▸ **Goal of the exercise**
Using the records below, write out only the lines from the line containing "Μια ακτιβίστρια Femen" up to and including the line containing "Table de chevet", exactly, with no pictures.

▸ **Data excerpts**

┌────────

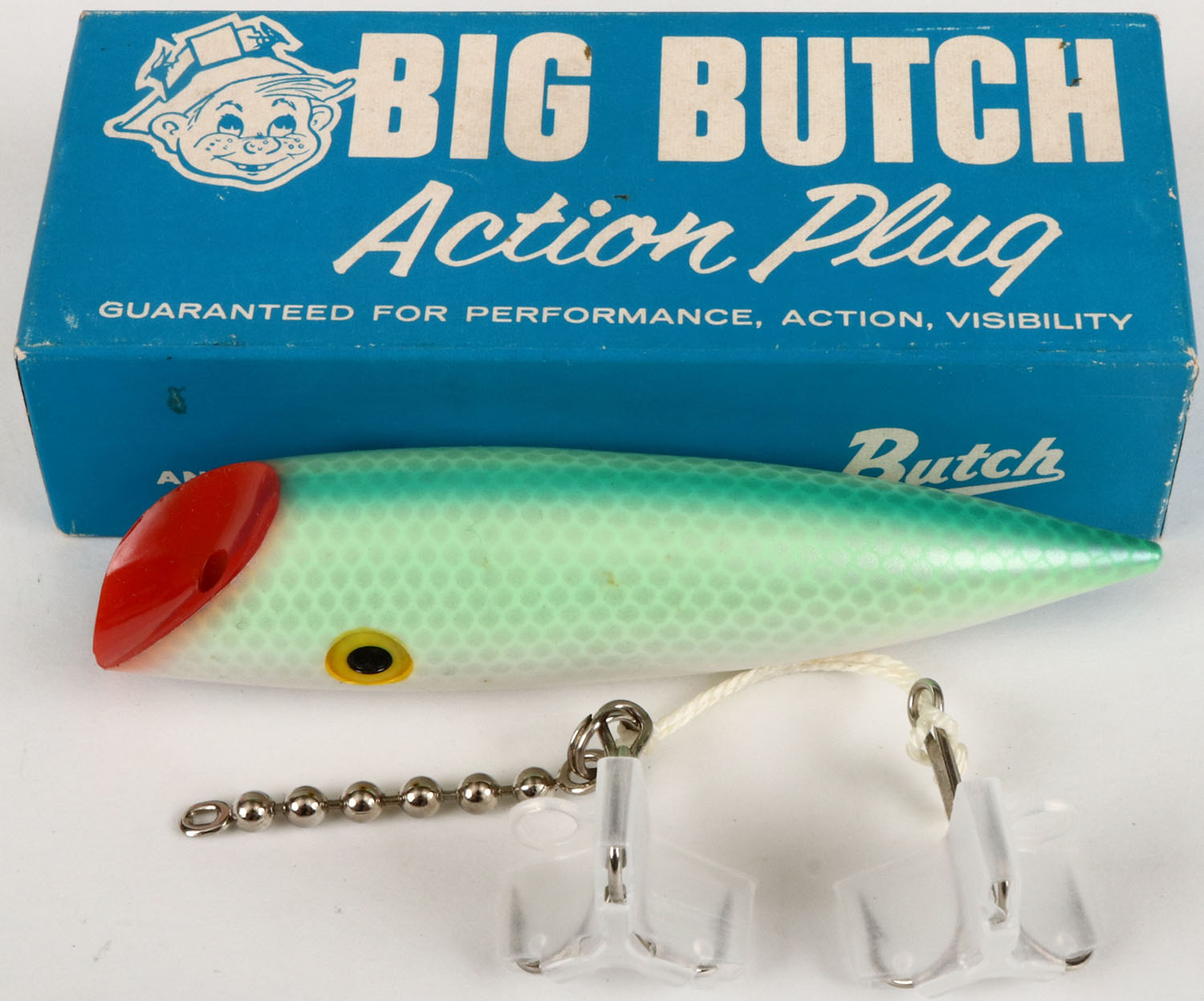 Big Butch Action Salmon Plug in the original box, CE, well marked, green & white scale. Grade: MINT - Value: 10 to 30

└────────
┌────────

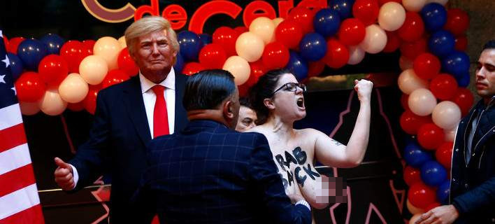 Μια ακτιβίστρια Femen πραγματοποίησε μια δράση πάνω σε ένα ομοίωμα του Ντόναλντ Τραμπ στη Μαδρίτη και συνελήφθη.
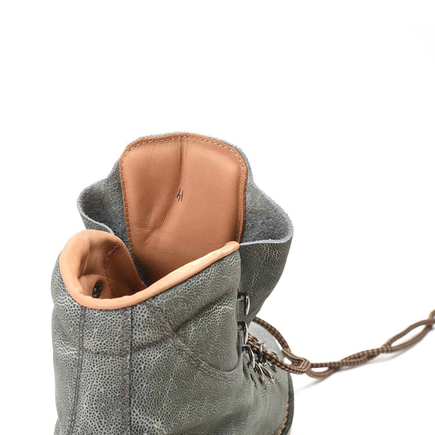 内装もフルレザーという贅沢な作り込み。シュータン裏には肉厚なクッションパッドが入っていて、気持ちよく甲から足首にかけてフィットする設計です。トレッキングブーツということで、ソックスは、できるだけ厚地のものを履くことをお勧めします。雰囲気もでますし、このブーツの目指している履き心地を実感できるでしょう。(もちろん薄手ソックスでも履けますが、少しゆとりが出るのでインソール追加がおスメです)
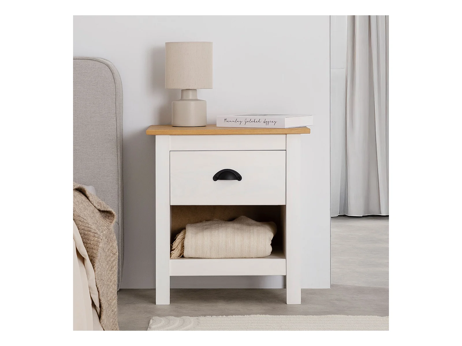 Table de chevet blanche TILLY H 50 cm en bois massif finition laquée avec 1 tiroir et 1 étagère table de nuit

└────────

▸ **Answer to the exercise**
 Μια ακτιβίστρια Femen πραγματοποίησε μια δράση πάνω σε ένα ομοίωμα του Ντόναλντ Τραμπ στη Μαδρίτη και συνελήφθη.
 内装もフルレザーという贅沢な作り込み。シュータン裏には肉厚なクッションパッドが入っていて、気持ちよく甲から足首にかけてフィットする設計です。トレッキングブーツということで、ソックスは、できるだけ厚地のものを履くことをお勧めします。雰囲気もでますし、このブーツの目指している履き心地を実感できるでしょう。(もちろん薄手ソックスでも履けますが、少しゆとりが出るのでインソール追加がおスメです)
 Table de chevet blanche TILLY H 50 cm en bois massif finition laquée avec 1 tiroir et 1 étagère table de nuit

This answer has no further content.